SUPPLIED DATA:
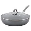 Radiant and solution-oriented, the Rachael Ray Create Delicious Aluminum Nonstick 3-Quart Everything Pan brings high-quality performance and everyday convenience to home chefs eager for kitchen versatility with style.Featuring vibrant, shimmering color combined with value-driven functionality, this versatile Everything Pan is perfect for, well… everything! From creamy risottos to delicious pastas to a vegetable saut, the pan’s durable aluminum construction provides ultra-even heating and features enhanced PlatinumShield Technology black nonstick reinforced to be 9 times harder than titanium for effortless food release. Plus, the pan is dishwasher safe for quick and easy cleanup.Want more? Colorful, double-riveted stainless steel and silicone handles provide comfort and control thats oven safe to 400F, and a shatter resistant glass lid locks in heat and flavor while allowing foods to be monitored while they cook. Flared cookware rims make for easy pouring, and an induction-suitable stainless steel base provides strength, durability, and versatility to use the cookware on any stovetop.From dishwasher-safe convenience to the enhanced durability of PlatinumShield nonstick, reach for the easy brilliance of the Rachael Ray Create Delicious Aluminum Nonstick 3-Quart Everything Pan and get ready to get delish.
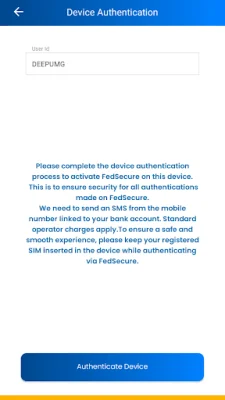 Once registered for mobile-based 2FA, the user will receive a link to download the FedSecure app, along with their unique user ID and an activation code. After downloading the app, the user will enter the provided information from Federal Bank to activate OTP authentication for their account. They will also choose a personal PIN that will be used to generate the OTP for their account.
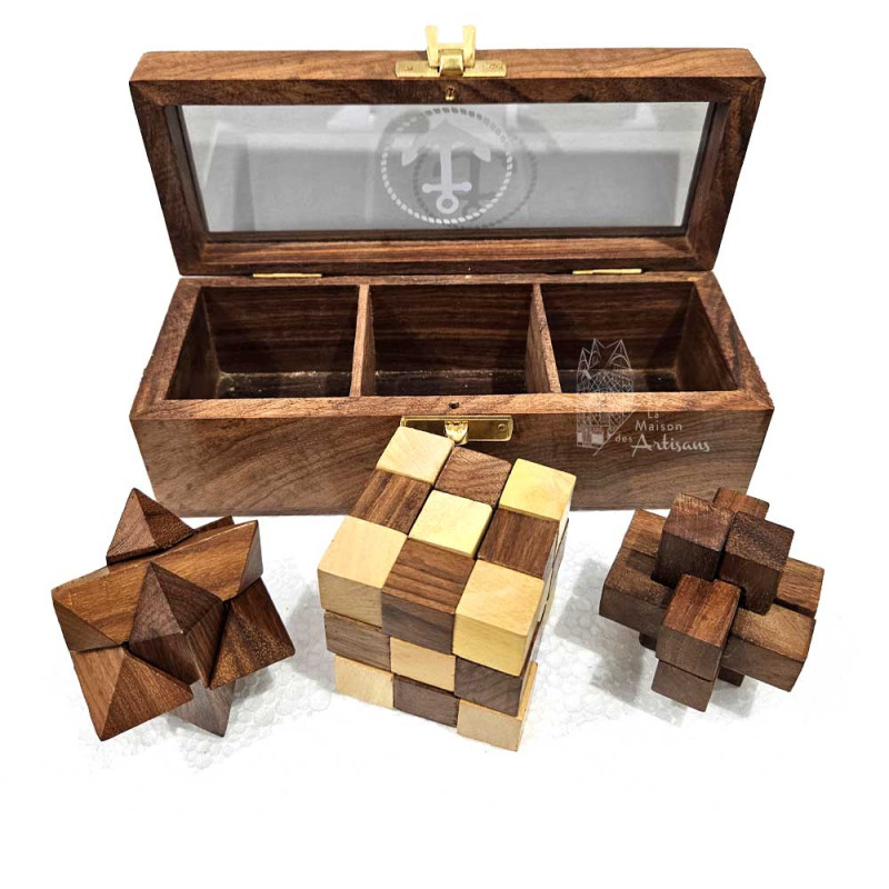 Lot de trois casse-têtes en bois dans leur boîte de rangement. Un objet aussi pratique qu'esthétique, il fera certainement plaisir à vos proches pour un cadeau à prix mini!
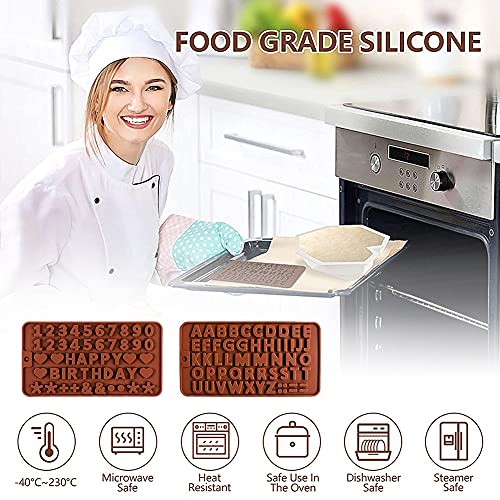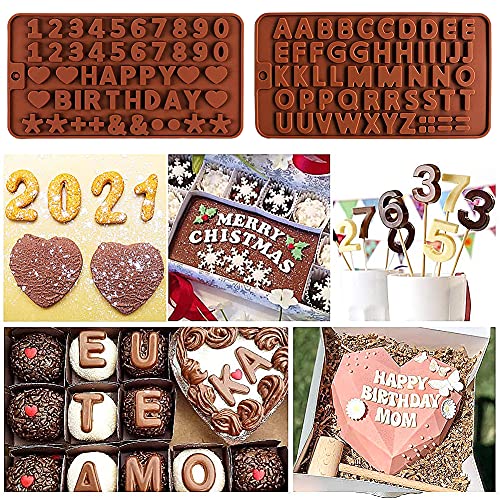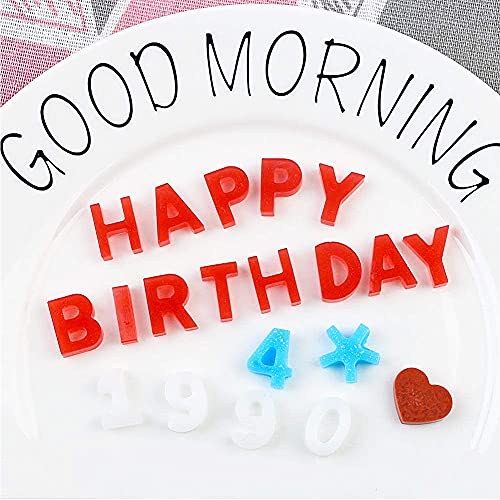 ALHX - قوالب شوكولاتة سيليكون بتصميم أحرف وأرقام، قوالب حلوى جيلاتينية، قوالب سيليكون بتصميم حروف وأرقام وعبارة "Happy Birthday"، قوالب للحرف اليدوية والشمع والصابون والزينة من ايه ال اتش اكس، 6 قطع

TASK STATEMENT:
Return the lines from the one that contains "Once registered for" through the final line of the listing above, inclusive. Transcribe them exactly and drop the pictures.

RESPONSE FOR THIS EXERCISE:
 Once registered for mobile-based 2FA, the user will receive a link to download the FedSecure app, along with their unique user ID and an activation code. After downloading the app, the user will enter the provided information from Federal Bank to activate OTP authentication for their account. They will also choose a personal PIN that will be used to generate the OTP for their account.
 Lot de trois casse-têtes en bois dans leur boîte de rangement. Un objet aussi pratique qu'esthétique, il fera certainement plaisir à vos proches pour un cadeau à prix mini!
 ALHX - قوالب شوكولاتة سيليكون بتصميم أحرف وأرقام، قوالب حلوى جيلاتينية، قوالب سيليكون بتصميم حروف وأرقام وعبارة "Happy Birthday"، قوالب للحرف اليدوية والشمع والصابون والزينة من ايه ال اتش اكس، 6 قطع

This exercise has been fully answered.